И все это растущее благолепие в какой-то момент достигает критической массы, когда, с одной стороны, на почве естественного желания взять побольше, а заплатить поменьше, начинают возникать внутренние конфликты, а с другой, на той же почве, но с внешней стороны, начинают наведываться соседи с намерением чего бы спереть задаром. Чтобы предотвратить надвигающийся бардак и гибель цивилизации и появляется то, что мы называет государством. Оно устанавливает формальную (в отличие от племенной по понятиям) систему прав и ответственности и внутренние общие правила, дает по лбу зарвавшимся соседям и, по многочисленным просьбам трудящихся, устанавливает контакт с богами от имени благодарного населения, желающего хорошей погоды для урожая и удачи в торговле для прибыли. Какой-никакой утвержденный порядок дает возможность гражданам заниматься своими делами в относительно спокойной, стабильной обстановке и уверенно вкладывать в производство ништяков свое время и средства на долгосрочной основе. За это они снова сознательно частично ограничивают свои личные свободы, делегируют часть своих прав государству и поддерживают его материально, морально и, если сильно попросят, то перворожденными или девственницами для всевозможных интригующих ритуалов.

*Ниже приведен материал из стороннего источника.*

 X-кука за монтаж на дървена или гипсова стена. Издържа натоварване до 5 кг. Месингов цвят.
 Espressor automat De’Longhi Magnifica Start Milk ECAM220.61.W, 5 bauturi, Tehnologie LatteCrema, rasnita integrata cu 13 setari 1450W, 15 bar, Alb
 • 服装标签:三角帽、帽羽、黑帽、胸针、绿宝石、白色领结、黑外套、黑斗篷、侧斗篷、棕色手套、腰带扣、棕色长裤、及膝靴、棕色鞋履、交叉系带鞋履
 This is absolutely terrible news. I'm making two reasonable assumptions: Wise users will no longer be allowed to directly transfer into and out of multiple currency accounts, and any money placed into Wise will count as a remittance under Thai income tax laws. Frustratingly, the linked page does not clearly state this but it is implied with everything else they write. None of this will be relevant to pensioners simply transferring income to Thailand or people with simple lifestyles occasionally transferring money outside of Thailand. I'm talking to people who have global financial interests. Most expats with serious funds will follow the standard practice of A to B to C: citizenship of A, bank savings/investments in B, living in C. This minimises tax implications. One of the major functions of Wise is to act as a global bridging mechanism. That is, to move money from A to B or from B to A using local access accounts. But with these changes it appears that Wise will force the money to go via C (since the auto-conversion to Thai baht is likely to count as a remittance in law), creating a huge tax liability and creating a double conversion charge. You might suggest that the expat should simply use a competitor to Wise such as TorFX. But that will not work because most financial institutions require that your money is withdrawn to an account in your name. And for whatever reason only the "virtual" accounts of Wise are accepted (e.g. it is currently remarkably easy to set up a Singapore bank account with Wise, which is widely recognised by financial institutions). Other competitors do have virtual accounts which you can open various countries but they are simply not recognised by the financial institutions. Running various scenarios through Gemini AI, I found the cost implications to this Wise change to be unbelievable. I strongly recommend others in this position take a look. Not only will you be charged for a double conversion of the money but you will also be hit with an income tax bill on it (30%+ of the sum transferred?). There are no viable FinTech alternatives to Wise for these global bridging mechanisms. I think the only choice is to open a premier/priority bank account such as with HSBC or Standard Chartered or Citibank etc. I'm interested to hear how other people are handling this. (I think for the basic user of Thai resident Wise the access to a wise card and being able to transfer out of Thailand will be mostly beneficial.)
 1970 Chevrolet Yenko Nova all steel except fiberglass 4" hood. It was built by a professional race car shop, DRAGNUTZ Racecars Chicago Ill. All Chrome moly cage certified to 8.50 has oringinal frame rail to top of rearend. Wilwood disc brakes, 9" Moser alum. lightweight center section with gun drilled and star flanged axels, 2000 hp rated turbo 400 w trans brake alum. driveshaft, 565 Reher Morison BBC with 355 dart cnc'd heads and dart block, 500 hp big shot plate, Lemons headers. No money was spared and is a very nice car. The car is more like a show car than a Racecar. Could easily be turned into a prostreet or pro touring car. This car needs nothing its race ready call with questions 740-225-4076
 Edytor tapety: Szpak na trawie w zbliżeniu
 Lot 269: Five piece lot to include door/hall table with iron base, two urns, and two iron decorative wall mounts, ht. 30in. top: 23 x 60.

Формы государства менялись, эволюционировали, приспосабливаясь к обстоятельствам времени, но основные принципы его остаются теми же: защита от внешней угрозы и предотвращение внутреннего коллапса. Экономикой государство само не занимается и заниматься не должно, так как устроено оно не для этого. Все его непосредственное участие в экономической жизни состоит в том, что оно берет у одних и отдает другим. Остальное, как правило, от популистского политического лукавого.

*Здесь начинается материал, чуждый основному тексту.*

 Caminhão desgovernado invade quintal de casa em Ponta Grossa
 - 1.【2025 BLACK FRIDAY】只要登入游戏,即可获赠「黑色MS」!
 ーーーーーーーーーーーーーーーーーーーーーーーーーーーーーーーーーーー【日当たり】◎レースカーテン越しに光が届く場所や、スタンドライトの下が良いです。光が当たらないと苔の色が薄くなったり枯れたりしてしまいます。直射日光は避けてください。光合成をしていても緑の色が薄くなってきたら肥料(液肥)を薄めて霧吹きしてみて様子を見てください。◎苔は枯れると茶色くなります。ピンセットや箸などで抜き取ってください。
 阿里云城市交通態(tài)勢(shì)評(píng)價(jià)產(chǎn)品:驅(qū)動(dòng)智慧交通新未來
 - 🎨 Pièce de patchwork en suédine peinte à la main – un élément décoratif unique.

Это покажется странным, но, к примеру, современная система социальной защиты и территориальная экспансия древних государств имеют одну подоплеку. Обе являются попыткой избежать своего внутреннего коллапса за счет других. Для поддержания бедных, больных и престарелых приходиться брать средства у тех, у кого они есть, может у своих производителей и финансистов, а может и у добрых иностранцев. Все ж лучше, чем как в доиндустриальную эпоху поддерживать растущее население метрополии, силой расширяя территории, чтобы забрать иностранные земли и ценности и отдать своим нуждающимся. В наше время такой метод экспансии делает существование истинных, а не метафорических империй довольно проблематичным. Кормить приходиться как раз колонии, что, ожидаемо, и произошло в 2014 году с Россией в Крыму. Так империи не создаются, так они разваливаются.

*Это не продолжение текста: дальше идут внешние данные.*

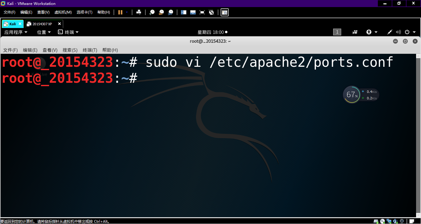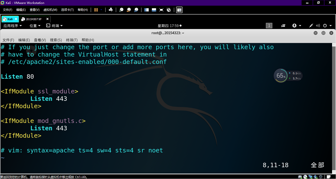 使用 sudo vi /etc/apache2/ports.conf 指令修改Apache的端口配置文件,将端口号改为80。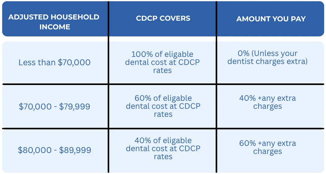 Depending on your income level, the CDCP may cover up to 100% of your eligible dental services. However, some procedures may have a partial co-pay, and if treatment fees go beyond the CDCP limits, there may be out-of-pocket costs. We’ll explain everything up front so there are no surprises.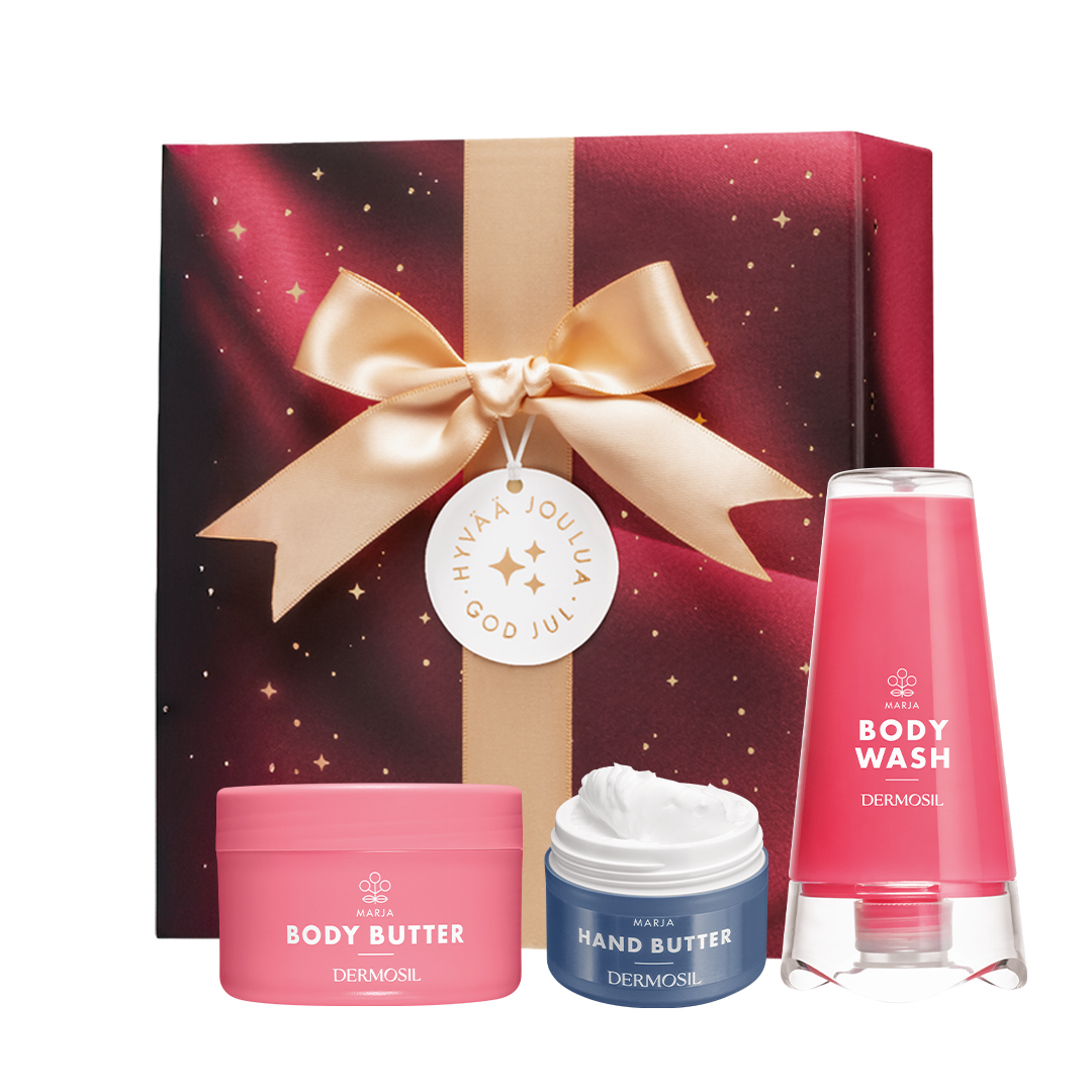 Julgåva Marja innehåller två av våra läckra hallonprodukter – Hallonduschgel och Kroppskräm Hallon – samt den härligt blåbäriga Blåbärshandkrämen. Produkternas innehåll av riktiga bärfröoljor gör denna hudvårdsgåva oemotståndligt härlig!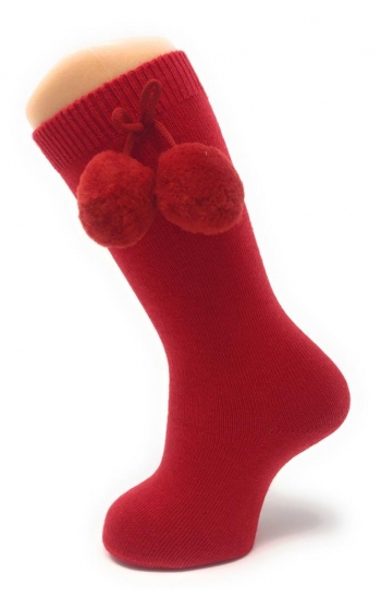 Calzini al ginocchio con nappine in cotone pettinato con elastan per un maggiore comfort. Disponibile in un'ampia varietà di colori e dalla taglia 00 (3-6 mesi) a 8 anni.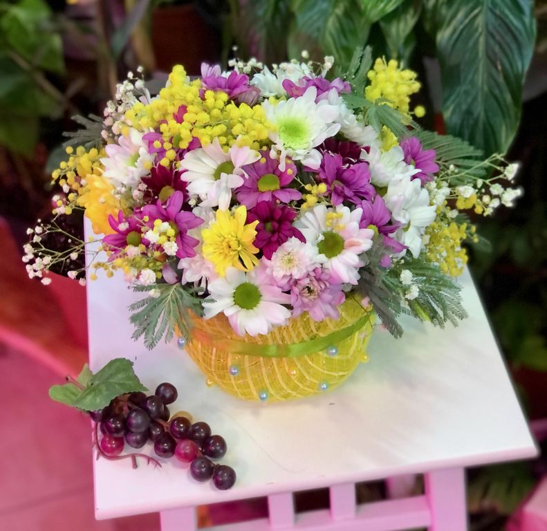 Цветочная композиция # 10 013 4190 руб. можно купить в кредит В корзину Состав Кустовые хризантемы (микс) Мимоза Шамелациум Оформление Сетка Лента Состав Кустовые хризантемы (микс) Мимоза Шамелациум Оформление Сетка Лента

К чему я завел эту волынку? К тому, что реформы, так необходимые Украине, не происходят, а не происходят они, с одной стороны, потому, что украинское государство продолжает заниматься не своим делом, участвуя в экономике, а с другой стороны, население хочет, чтобы оно занималась этим еще больше. И все происходит согласно цитате из величайшего (без иронии) философского труда современности, мультика “Симпсоны”: “Провальная политика провалилась, наша обязанность заставить ее работать вновь!” Кто виноват? Мой киевский друг!
— Вот, — задал я вопрос моему другу, — зачем тебе лично сдалось государство?
— Чтоб пенсию мне платить, — ответил он. — Недолго мне ее и ждать осталось. Хотя, что там будет той пенсии?
— Постой! — прервал я его. — Ты лично откладывал себе на пенсию или полагался на государство?
— Конечно, на государство, оно же обещало стабильность выплат.
Я даже присвистнул.
— О какой стабильности государства ты говоришь? Ты же не ребенок! За свою жизнь ты прошел через застой, перестройку, распад СССР, лихие 90-е, первый Майдан, второй Майдан. Что в твоем жизненном опыте подтверждает стабильность государства на срок более 10 лет?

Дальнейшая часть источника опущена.